A la suite du WWFE, les équipes allemandes ont travaillé autour du critère de Puck, de manière à proposer une méthode de calcul et des outils couvrant le domaine du dimensionnement non-linéaire. L’aboutissement en a été la rédaction du VDI 2014 partie 3 (Development of FRP components fibre-reinforced plastics Analysis). L’approche est séduisante car proche d’une norme ou d’un standard (LUTZ 2007). Ses fondements lui permettent d’envisager une généralisation au domaine du fluage et de la fatigue. Les paramètres matériaux sont disponibles pour des couches unidirectionnelles, le même travail sur les couches tissées n’est par contre pas encore finalisé.

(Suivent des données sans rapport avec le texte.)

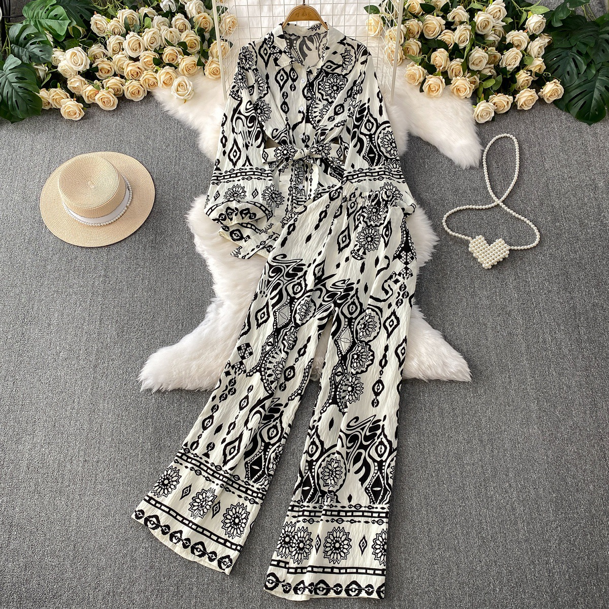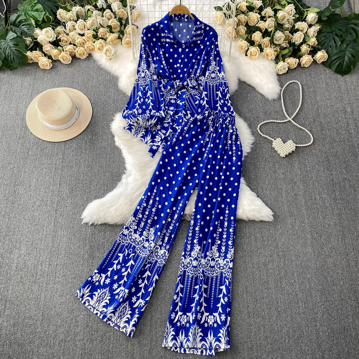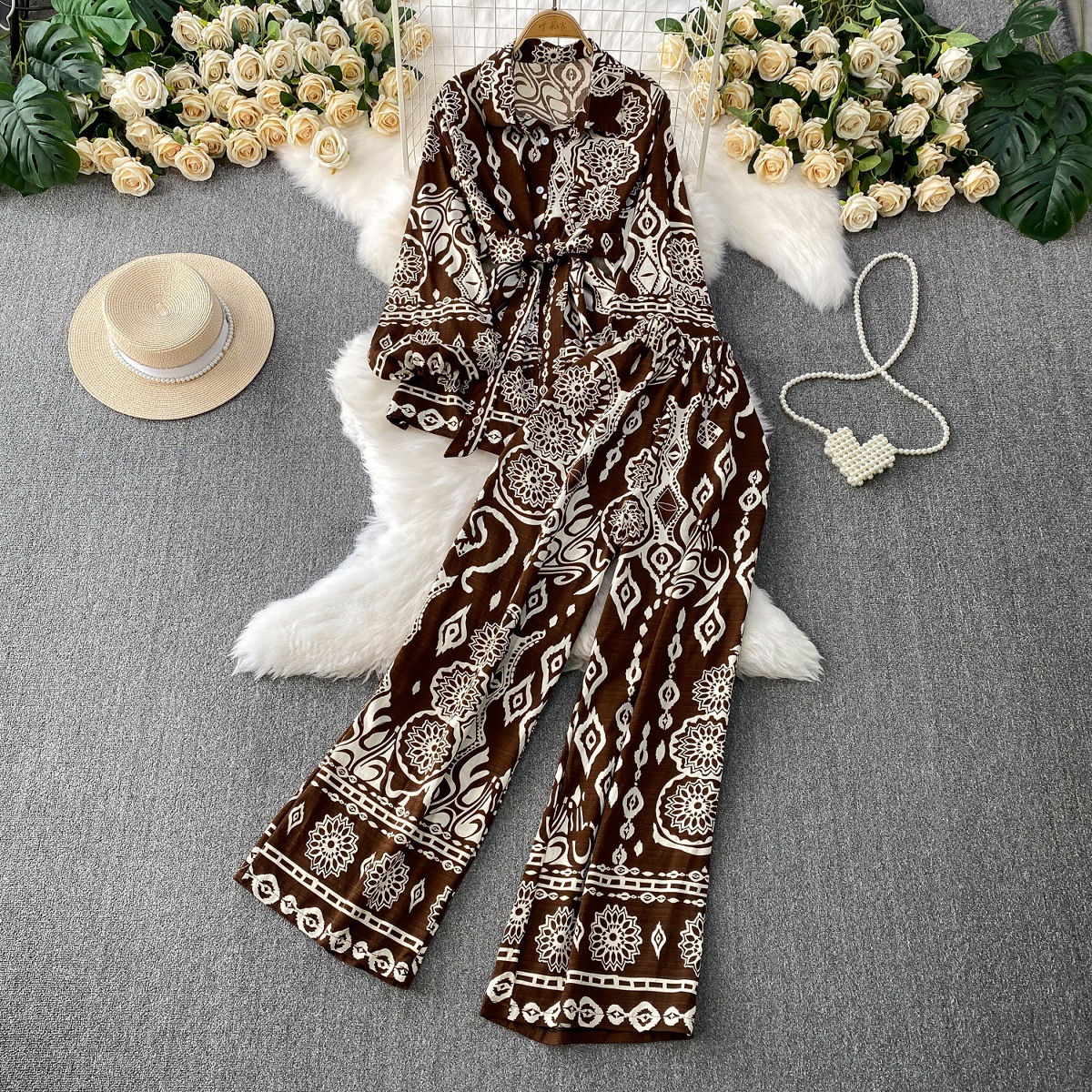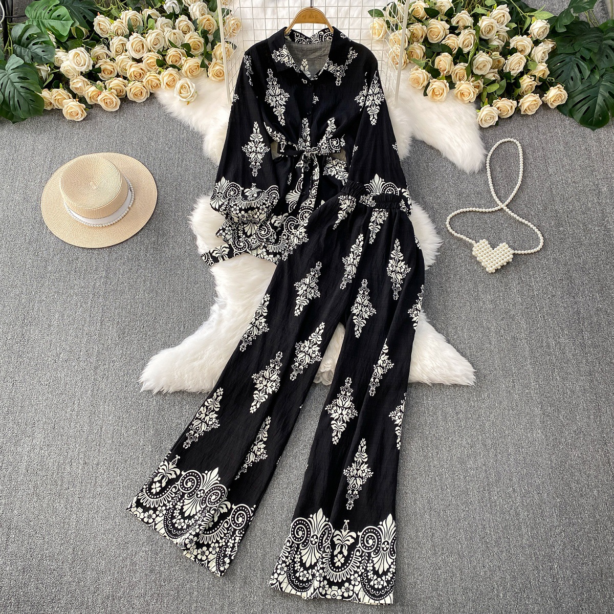 Gentle style pink printed lantern sleeves sun protection shirt with a lapel and waist cinching top+high waist slimming wide leg pants set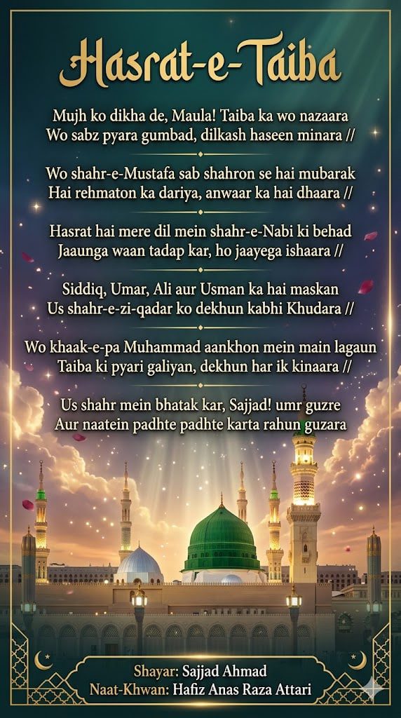 This emotional kalam, known as Mujh Ko Dikha De Maula Taiba Ka Wo Nazara lyrics, is written by Sajjad Ahmad and recited by Hafiz Anas Raza Attari.
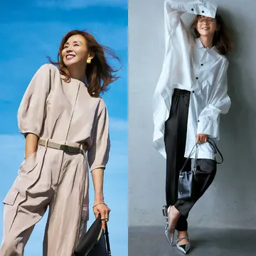 カジュアルパンツは、これからの季節に映えるさわやかなデイリーウエアの筆頭。王道のチノパンツなら、ワイドレッグを選ぶことでぐんと今っぽく。辛口デザインのバックルベルトで装いをほどよく引き締めて。

4 - Couplage résistance/vieillissement
Les matériaux composites sont sensibles aux effets de l’environnement extérieur (température, humidité). Les dégradations provoquées par l’environnement sont regroupées sous le vocable de vieillissement (VERDU, techniques de l’ingénieur).
Dans le domaine des structures marines, l’un des principaux couplages identifiés est celui entre la diffusion de l’humidité et l’endommagement (MERCIER 2006). La présence d’humidité diminue la température de transition vitreuse du composite et les caractéristiques mécaniques. La création d’endommagement peut aussi modifier la cinétique d’absorption d’humidité en s’éloignant d’un comportement classiquement Fickien. Dans ce dernier cas, des accélérations de phénomènes de dégradation s’observent (SRINGER 1981).
L’influence réciproque des endommagements en fatigue et de l’humidité a été peu étudié (HAI 2000). La plupart du temps, un cumul linéaire des effets est réalisé sans pour autant que la démarche soit extrapolable à tous les matériaux. L’approche la plus scientifique consisterait à trouver des lois d’évolution entre endommagement et humidité.
5 - Prise en compte de la dispersion, dimensionnement fiabiliste
La dispersion des caractéristiques des matériaux composites est un problème multi-échelle : échelle des défauts pour la fibre, échelle de la distribution des fibres dans la matrice, défauts créés par la fabrication (orientation, porosités), échelle des dimensions de la structure (GUILLAUMINAT 2008).
Les lois d’identification probabilistes sont souvent réduites au modèle de Weibull adapté au comportement en traction dans le sens des fibres bien que dans les autres directions d’autres lois soient plus pertinentes (MIL HDB 17-1). La prévision des caractéristiques mécaniques en fiabilité à partir des valeurs des constituants fibre et résine n’a pas encore trouvé de théorie adaptée. Les approches de type VER sont souvent utilisées avec les limites connues sur la prévision en résistance (DEHMOUS 2007).
La prévision des effets de dispersion liés à la fabrication des pièces composites n’est que peu étudiée. On peut citer les travaux autour du procédé RTM (GUILLEMINOT), mais dans la majeure partie des cas, les dispersions sur les orientations sont par exemple méconnues.
La prise en compte de la dispersion des caractéristiques mécaniques lors d’un calcul de structure a fait l’objet en France de nombreux travaux de recherche autour du projet AMERICO de la DGA (CARRERE 2008).
Enfin pour les pièces composites épaisses et grandes dimensions, les effets de ces deux échelles sur la fiabilité des pièces sont connus mais peu modélisés (GURVICH, PIPE 1995).